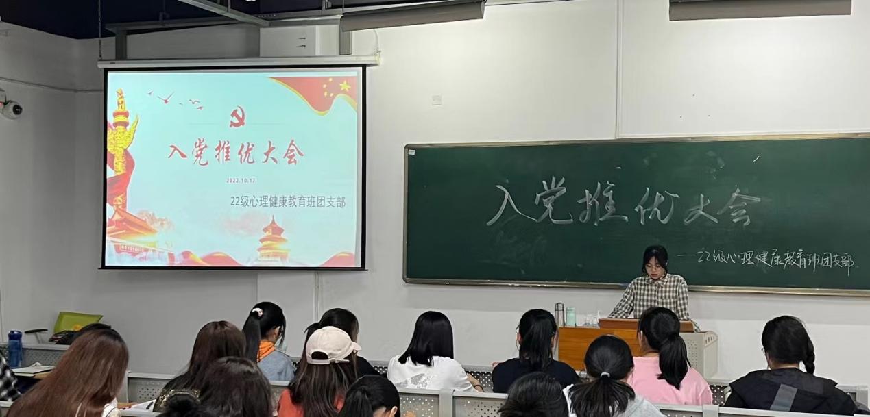 为充实党的新生力量的需要,激发广大团员的政治热情,增强团组织的凝聚力和吸引力,大赢家体育app下载人文与管理学院22级心理健康教育、心理咨询、19导游五年专团支部于10月17日在仓山校区3-604、3-402、3-102教室召开入党推优大会,辅导员黄益群老师和22级全体同学参加会议。
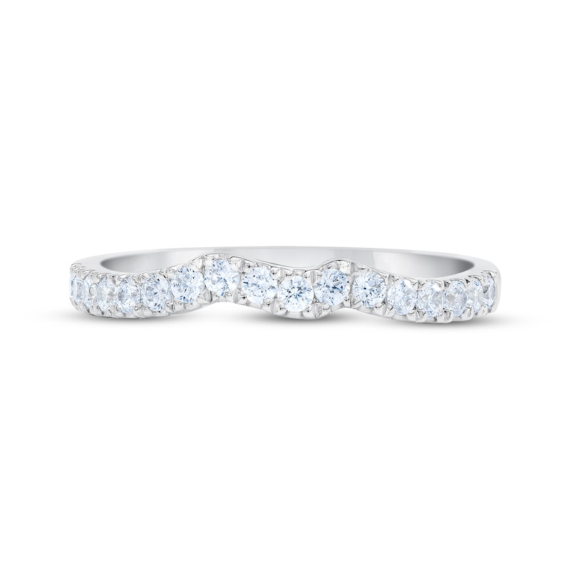 On your wedding day, slip this gorgeous band beside her spectacular THE LEO First Light® Diamond engagement ring. Round-cut diamonds adorn the 14K white gold silhouette, which is contoured to pair with her engagement ring (sold separately). The ring has a total diamond weight of 1/3 carat.
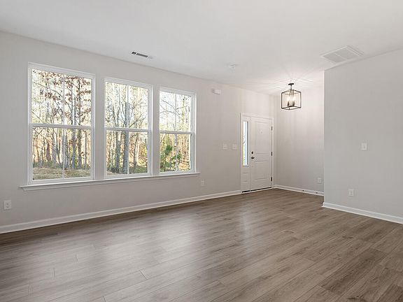 Check out this spacious two-story townhome with a two-car garage, just a quick 15-minute drive from downtown Raleigh. When you come in from the garage, you'll notice a little pet pad for your furry friend. The hardwood stairs and sleek metal railings add a nice touch of style. Upstairs, the family room flows right into the eat-in kitchen, which comes with chic white cabinets and beautiful white quartz countertops. The interior colors give it a bright, open vibe—perfect for hanging out and entertaining. The second floor has a primary suite that features dual closets, dual sinks, and a handy 5-foot tile shower. Plus, there are two more bedrooms that share a bathroom nearby, so everyone has their privacy. This townhome isn't just about comfort; it also offers some cool amenities like two dog parks, a pool, and walking trails that really make it stand out. Don't miss your chance to check it out!
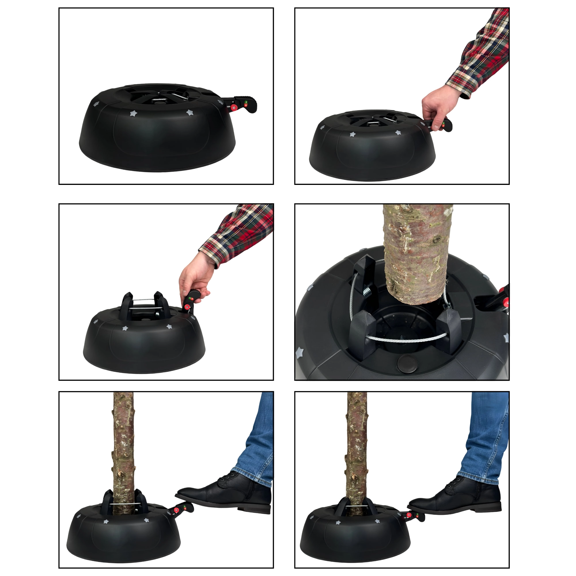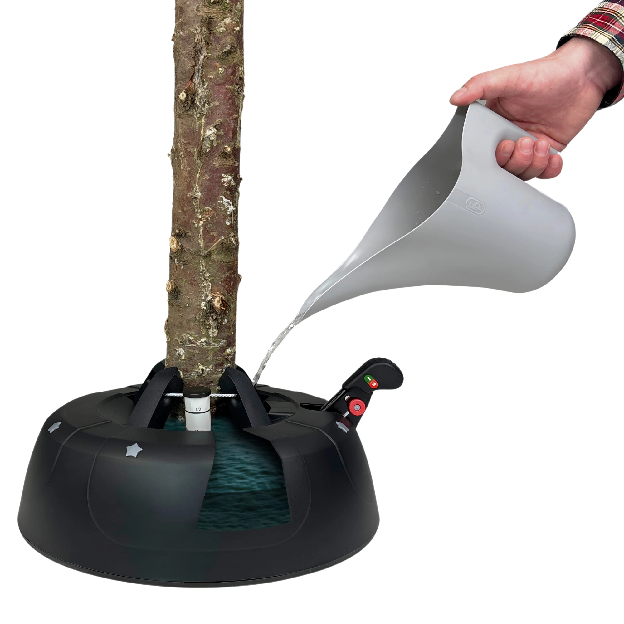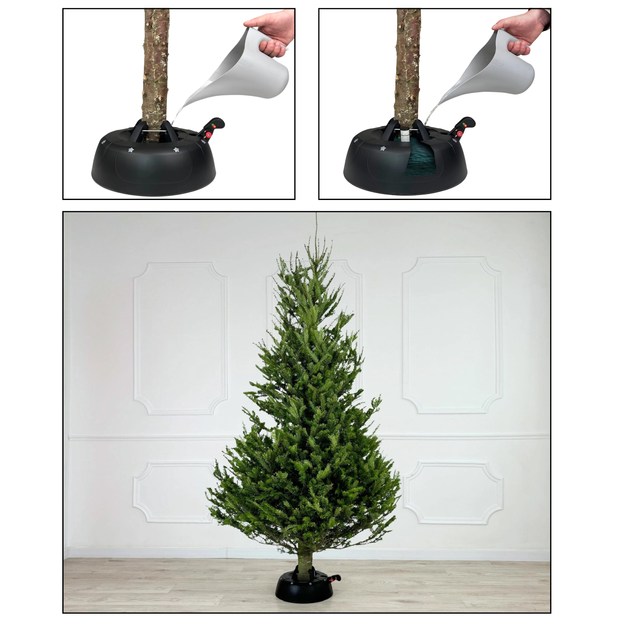 Geniet van zorgeloze feestdagen met een standaard die overal aan denkt – van snel vastzetten van de boom tot het langer vers houden ervan. Het gepatenteerde systeem van vier automatische stalen haken klemt de stam in enkele seconden stevig vast, terwijl de brede en zware basis stabiliteit biedt gedurende de hele kerstperiode.

-.-.-

Excluding pictures, reproduce the listing above exactly as it stands.

Solved exercise —
 为充实党的新生力量的需要,激发广大团员的政治热情,增强团组织的凝聚力和吸引力,大赢家体育app下载人文与管理学院22级心理健康教育、心理咨询、19导游五年专团支部于10月17日在仓山校区3-604、3-402、3-102教室召开入党推优大会,辅导员黄益群老师和22级全体同学参加会议。
 On your wedding day, slip this gorgeous band beside her spectacular THE LEO First Light® Diamond engagement ring. Round-cut diamonds adorn the 14K white gold silhouette, which is contoured to pair with her engagement ring (sold separately). The ring has a total diamond weight of 1/3 carat.
 Check out this spacious two-story townhome with a two-car garage, just a quick 15-minute drive from downtown Raleigh. When you come in from the garage, you'll notice a little pet pad for your furry friend. The hardwood stairs and sleek metal railings add a nice touch of style. Upstairs, the family room flows right into the eat-in kitchen, which comes with chic white cabinets and beautiful white quartz countertops. The interior colors give it a bright, open vibe—perfect for hanging out and entertaining. The second floor has a primary suite that features dual closets, dual sinks, and a handy 5-foot tile shower. Plus, there are two more bedrooms that share a bathroom nearby, so everyone has their privacy. This townhome isn't just about comfort; it also offers some cool amenities like two dog parks, a pool, and walking trails that really make it stand out. Don't miss your chance to check it out!
 Geniet van zorgeloze feestdagen met een standaard die overal aan denkt – van snel vastzetten van de boom tot het langer vers houden ervan. Het gepatenteerde systeem van vier automatische stalen haken klemt de stam in enkele seconden stevig vast, terwijl de brede en zware basis stabiliteit biedt gedurende de hele kerstperiode.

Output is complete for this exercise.